The Atwater City Council attempted to show a more united front on Monday during the first public meeting that involved the embattled new interim city manager.
The meeting featured a number of routine decisions from the governing body, whose members pledged to work together with Art de Werk, who had been the interim administrator for about three days.
Mayor Jim Price said he recently spoke with de Werk for about an hour, discussing economic development and other city business.
“I will be working with Mr. de Werk,” Price said on Monday. “I’m not going to be an impediment to this city.”
De Werk has been a controversial hire, with some members of the council questioning his experience and residents and some on the council including the mayor calling for a deeper dive into the background of the former Ceres police chief.
The council voted 3-2 to narrowly hire him in December.
Price and Councilman James Vineyard were the two “no” votes against de Werk. But, on Monday, they each spoke of working with de Werk to improve Atwater.
De Werk has six-month contract as the interim city manager. He told the Sun-Star that he’ll use that time to try to get the city moving in the right direction and will make up his mind on whether he’ll try for the job permanently.
He said the “passion” he sees in Atwater’s elected officials, city employees and residents all play into why he’s drawn to the town despite its challenges. He noted the split City Council, the city’s debt and understaffed city services as some of those challenges.
“The City Council is made up of people who care about this place,” he said, adding he’s “absolutely impressed” with the city staff.
De Werk has been retired for more than three years, he noted, saying there will be a transition period for him. “I don’t have to work. I fully retired. I’m not broke,” he said. “So, I don’t want to stay in a job where I’m not welcomed or wanted.
“But, if I feel like I’m really contributing and that I’m making a difference, then I’d like to stay a long time,” he said.
Some detractors of de Werk have questioned his departure from his last job.
De Werk served as police chief in Ceres from 1999 to 2014, including a roughly four-year stretch at the end of his tenure when he also served as the Ceres city manager. During that time, de Werk worked with Tom Niederreuther, who was a reserve police officer for a short time, and also worked with Frank Johnson, who was president of the Modesto chapter of the NAACP at the time.
In 2007, de Werk partnered with a nurse practitioner and later with the NAACP under Johnson to open a health clinic, according to a 2014 report from the Modesto Bee. The City of Ceres collected donations for the program and wrote checks to the NAACP until February of 2014, the Sun-Star’s sister newspaper reported, when Ceres Councilwoman Linda Ryno raised concerns over potential liability issues in connection with the program.

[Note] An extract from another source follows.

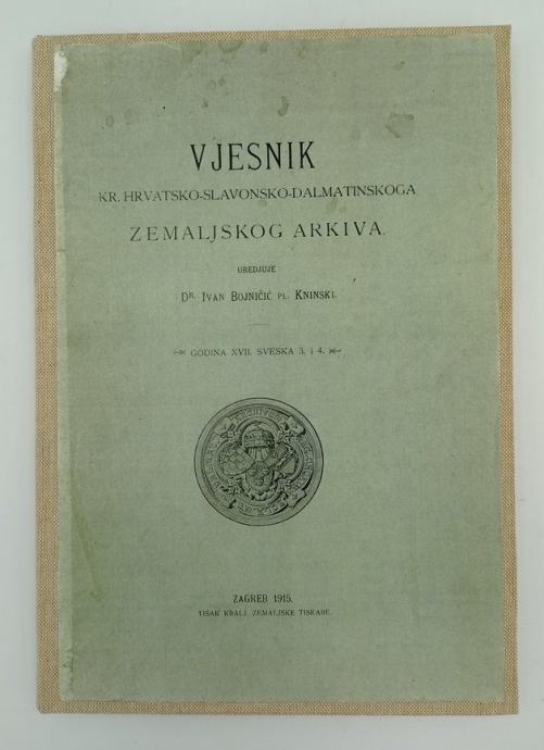 Vjesnik kr. hrvatsko-slavonsko-dalmatinskoga zemaljskog arkiva, godina XVII. sveska 3. i 4.Stranica: 352Dimenzije: 19x27Jezik: ZagrebPismo: LatinicaStanje: DobroUvez: TvrdiGodina: 1915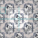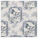 Una impresión del gallo del país. Magnífico para esos bumpkins del país que como un país sienten. Sensación rústica en un fondo del azul gris en una tela de algodón.

De Werk’s departure in 2014 from Ceres was controversial with many community leaders and others — including Johnson — speaking out in support of de Werk. Following a two-month medical leave, the City Ceres Council relieved de Werk of his duties, citing his medical issues. Johnson said he didn’t believe the city’s stated reason for parting ways with de Werk and pledged to investigate.

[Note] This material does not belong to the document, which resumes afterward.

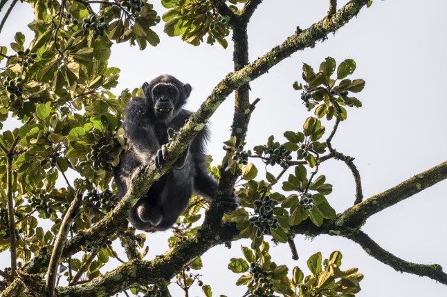 Two adult male members of the Ngogo chimpanzee group at Kibale National Park in Uganda (Picture: Reuters)

De Werk’s departure also included an agreement with the city that raised other questions, including stipulations that de Werk not make any “disparaging remarks” about the city or enter of its private facilities without permission, the Modesto Bee reported.
Councilman Paul Creighton said he hoped the council would be able to move forward past the in-fighting that’s been seen in the past year.
“It’s important that we put it all behind us,” he said.